A path planning algorithm for mobile robot based on edge-cloud collaborative computing

Path planning is a key problem to be solved for mobile robot to realize autonomous navigation. It is a typical computing intensive task, and high computing capacity is needed. The computing power carried by the mobile robot is difficult to support the calculation of path planning, and the traditional cloud computing model cannot meet the real-time requirement of path planning. In order to solve the problem of insufficient computing power and improve the execution efficiency and real-time performance, a real-time computing framework based on edge-cloud collaborative computing is constructed for path planning.
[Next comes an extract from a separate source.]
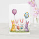 This card shows four friendly, human-like bunny figures lined up along the bottom, with two snowy white ones in the middle, a sunny yellow one, and a soft lavender one, all wearing rosy cheeks and simple smiles that feel like a shared inside joke 🐰. The two white bunnies lean slightly toward each other, their close spacing and gentle expressions suggesting affection and easy friendship. A thin strip of green grass runs beneath them, dotted with tiny wildflowers in mixed colors for a springtime touch 🌷. Above the group, two round hanging ornaments float in the open white space, one in purple with zigzag patterns and the other in light blue with scattered dots in warm tones. Each of the two center bunnies cradles an egg-shaped decoration, held carefully as if offering it to the other. One egg has red and gold stripes, while the other is blue with neat parallel bands that echo the colors overhead. The greeting text sits near the top in a soft pastel tone, centered against the white background, with the ornaments hovering a short distance below it. The grass band is lightly textured, and the tiny flowers appear as small specks of color along the base.

In each control decision cycle, the mobile robot as the edge acquires the sensing data and transmits it to the cloud. By stream computing, the cloud plans the path in real-time. The edge integrates the planned path from the cloud and the partial obstacle avoidance result from the edge as a path sequence. The final path sequence is sent to the motion control layout, and drives the mobile robot to the target. By the edge-cloud collaborative computing, the computing capability of the edge is extended. By taking use of high real-time performance of stream computing, the proposed algorithm improves the efficiency of path planning. By taking use of the storage capacity of the cloud, environmental memory is realized and the problem of local traps is solved. Simulation experiment results in different environments show that the planned path by the proposed algorithm gets a higher path quality and shorter execution time comparing the other several traditional path planning algorithms. Experiments in real environment verify the feasibility and effectiveness of the algorithm.